2. Tracking search engine marketing campaigns, for lead generation.
- Scenario: Visitors click on paid/sponsored search engine ads featuring specials. There’s more than one search marketing ad campaign, each with a different keyword basket but visitors are directed to the same landing page. The landing page has more information about the products and contains a call to action to download a discount coupon and take it to a physical store.
- In-store redemptions for the discount coupon are high. But which ads triggered the most redemptions? Which search engines? How soon after the campaign launched were these coupons first printed? The opportunity to measure and collect this information is lost and cannot be re-created. You can’t find out which referral source was most effective, which special created the strongest pull or which creative was most compelling.
- What’s the solution? Creating separate landing pages for each source and campaign. Create downloadable coupons with a different reference code for each product specials. More work is needed to make things measurable, but granularity will allow you link redemptions with ads, attribute success appropriately, and optimize your ad placement next time around. Spend money on the things that are working best.
3. Tracking and troubleshooting shopping cart conversion.
- Scenario: Shoppers add items to a cart and checkout. The checkout process is a single long page containing billing and shipping data entry boxes, including an email confirmation id field. All terms and conditions, such as product guarantees, return policy, credit card privacy and email privacy are included on another single large separate pop-up Web page.
- Once the page is submitted, a thank-you page confirms checkout is complete. Yes, you can measure the start of checkout and the end, but if abandonment is high, such a design makes it difficult to pinpoint the problem.
- What’s the solution? Chunking allows usability problems to be pinpointed sooner. Split shipping and billing data entry onto two separate pages.
- Split the terms and conditions into four separate pop-ups, with hyperlinks closer to each activity. Label each pop-up uniquely, so that your Web analytics tool will differentiate each easily. Viewing frequency will show you which terms shoppers are more concerned with. Also, if more shoppers abandoned their carts after viewing a particular policy (eg. returns), this quickly raises a flag that there might be something unclear or unsatisfactory about the policy. You’ll be able to target the problem quickly and decisively execute a solution.

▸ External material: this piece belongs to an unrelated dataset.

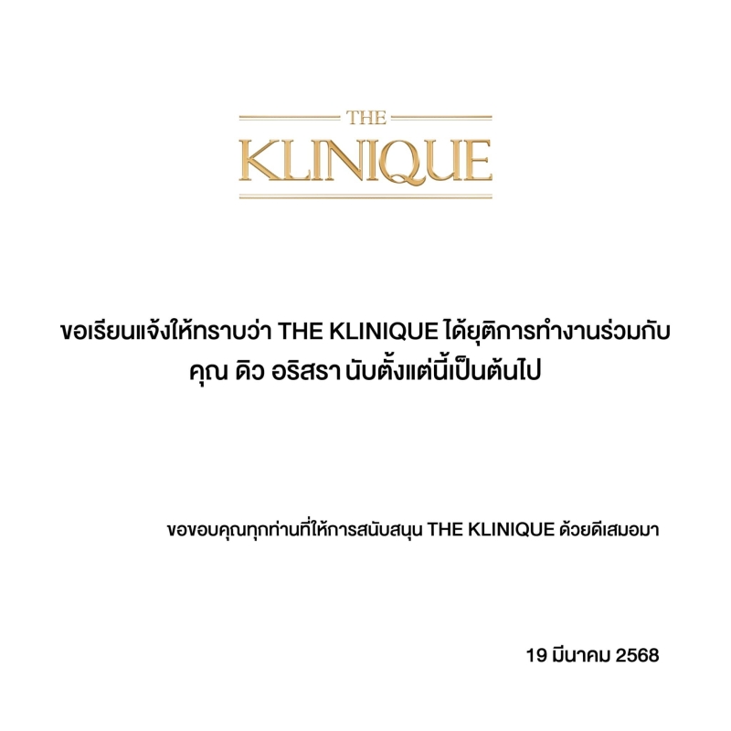 ล่าสุดทางด้านคลินิคความงามชื่อดังได้ออกมาประกาษเกี่ยวกับการทำงานร่วมกับ ดิว อริสรา ผ่านทางเพจเฟซบุ๊ค THE KLINIQUE โดยเเจ้งว่า ขอเรียนแจ้งให้ทราบ THE KLINIQUE ได้ยุติการร่วมงานกับ คุณ ดิว อริสรา นับตั้งแต่วันนี้ 19 มี.ค. 2568 เป็นต้นไป ขอบคุณค่ะ

- Indeed, you can fix problems like the one described after the shopping cart is up and running. But by then, you’ve probably exhausted your initial budget, and you’ll need to fund an “enhancement”, which is often more difficult to justify. If your cart is experiencing a very high abandonment rate, you might have lost credibility internally. Even worse, you’ve annoyed the many shoppers who abandoned their shopping carts, likely damaging your brand and painting your company as one that’s difficult to deal with.